An alternative for the clinic is the SmartCuffs, which works like a blood pressure cuff, tightening around the arm muscles with a built-in pressure sensor and on-board computer. The cuffs will calculate and set the optimal pressure for your athlete’s body.
B STRONG Powered by HawkGrips is a great option for those new to BFR training. These bands come in packs of four and are a great, lightweight training accessory that you can take anywhere. HawkGrip’s B STRONG band package comes with a guidance app, providing step by step video tutorials on how to safely use the bands for BFR training.
If pre-sized bands aren’t your thing, give RockFloss a try. Rockfloss is an elastic, latex, 7-foot band allowing you to cut the band to your preferred size.
If you prefer to cut down your bands to size, try out RockTape Kinesiology Tape, offering 180% elasticity and providing better range of motion and comfortability. Use it for BFR training or to support movement.
How to Implement Blood Flow Restriction Training
Blood flow restriction is a restorative modality for those dealing with weakness, injury recovery, post-surgery recovery, osteoporosis, arthritis, and more. Including some form of resistance training is imperative to recovery, and maintaining muscle is an important marker of health. It’s important to note that BFR should only be used around the arms or legs. Before starting with BFR training, it would be best to consult a professional. There is some room for error due to the restrictive nature of preventing blood from leaving the muscles, but expect the cuff or band to fit your patient looser than it would if you were getting your blood pressure read.
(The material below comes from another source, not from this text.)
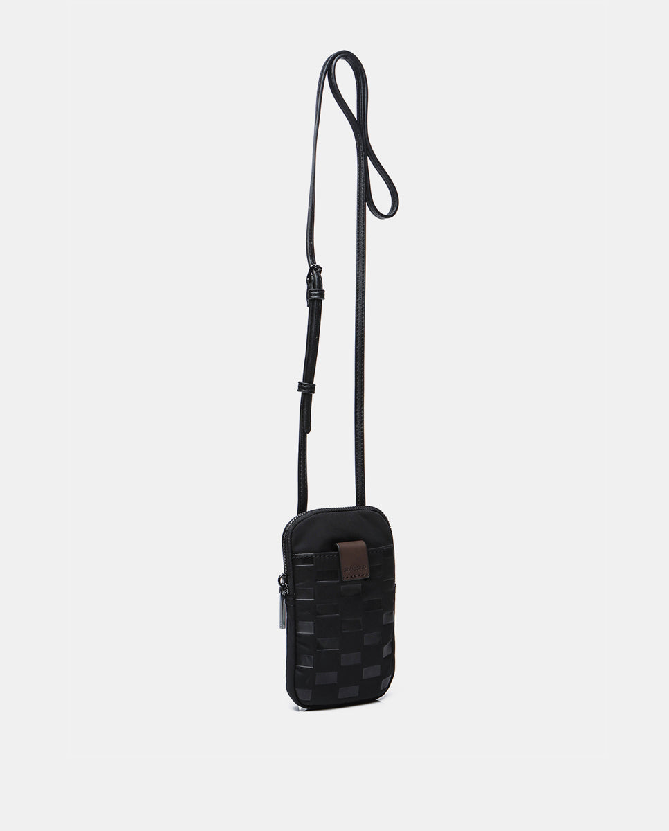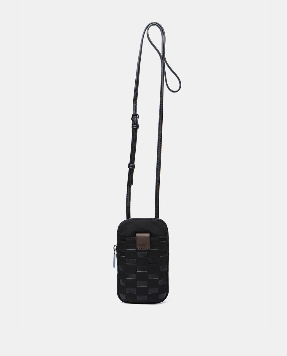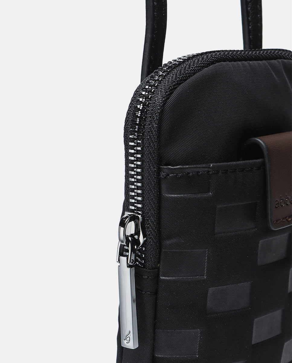 Damentasche für das Handy aus schwarzem, gepolstertem Nylon.

BFRT is part of the professional scope of practice for physical therapists, but it's best to refer to tutorials online from reputable trainers and clinicians before beginning BFR training.
If using BFR for active recovery, make sure your patients do this in addition to your normal strength training regimen, not in lieu of regular training. Blood flow restriction is not advised if the patient has cancer, blood clotting issues, bone fracture, infection, pregnancy, obesity, diabetes, poor circulation, renal compromise, or severe hypertension.2
Blood flow restriction (BFR) is a modality utilizing a tourniquet or cuff to reduce blood flow leaving the muscles. According to the research, blood flow restriction has shown promising results to those looking to recover from an injury while continuing to weight train, add an active recovery day, or maintain muscle while immobile. BFR should only be used around arms and legs. We strongly advise seeking a professional’s advice before beginning BFR training on your own.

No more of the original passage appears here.